## Recorded data

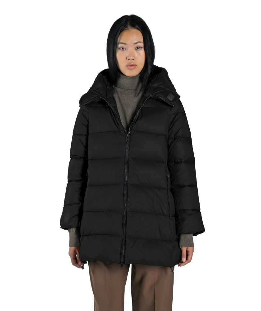 Piumino lungo di CANADIAN, caratterizzato da cappuccio e trapuntatura orizzontale. Modello: LEWISPORTE Codice: CN.G224104W Colore: NERO
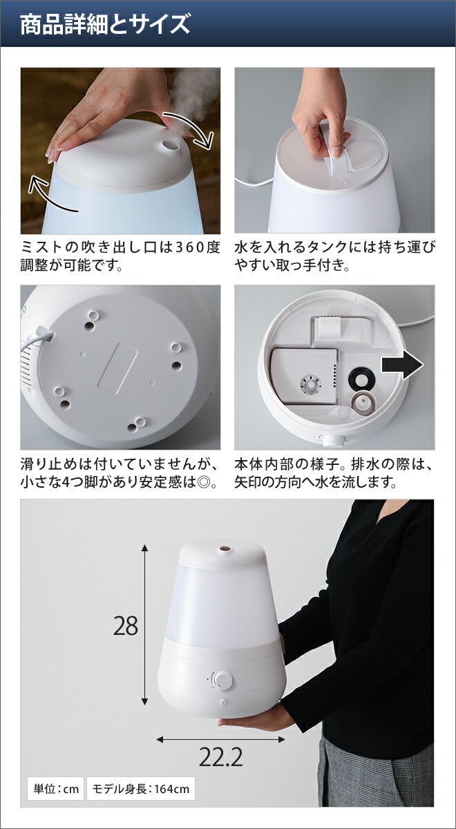 超音波式加湿器C011の主な特徴 【1】最大300ml/時のハイパワー加湿 【2】容量たっぷり3000mlタンク 【3】大きな給水口でお手入れと給水が簡単 【4】水中の雑菌を減らす抗菌カートリッジ付き 【5】アロマオイル対応 【6】インテリアのアクセントになるLEDランプ 【7】ミスト噴霧量は無段階で調節OK 様々な機能がギューッと濃縮したこちらの加湿器は、最大8畳までの広さのお部屋に対応しています。
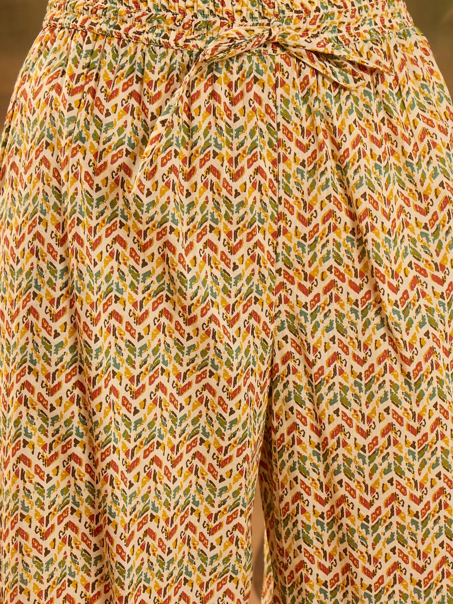 Mustard ethnic motif printed cotton straight kurta palazzo dupatta set. Kurta has v-neck with mirror work & lace detailing on neckline with sleeveless. Cotton printed palazzo has fully elasticated on waistbend. Paired with cotton printed dupatta. Kurta Length- 45'' Inch, Palazzo Length- 38'' Inch, Dupatta Length- 2.30 Mtr.

## Problem
The whole listing above must be returned exactly as written, with no pictures carried over.

## Worked solution
 Piumino lungo di CANADIAN, caratterizzato da cappuccio e trapuntatura orizzontale. Modello: LEWISPORTE Codice: CN.G224104W Colore: NERO
 超音波式加湿器C011の主な特徴 【1】最大300ml/時のハイパワー加湿 【2】容量たっぷり3000mlタンク 【3】大きな給水口でお手入れと給水が簡単 【4】水中の雑菌を減らす抗菌カートリッジ付き 【5】アロマオイル対応 【6】インテリアのアクセントになるLEDランプ 【7】ミスト噴霧量は無段階で調節OK 様々な機能がギューッと濃縮したこちらの加湿器は、最大8畳までの広さのお部屋に対応しています。
 Mustard ethnic motif printed cotton straight kurta palazzo dupatta set. Kurta has v-neck with mirror work & lace detailing on neckline with sleeveless. Cotton printed palazzo has fully elasticated on waistbend. Paired with cotton printed dupatta. Kurta Length- 45'' Inch, Palazzo Length- 38'' Inch, Dupatta Length- 2.30 Mtr.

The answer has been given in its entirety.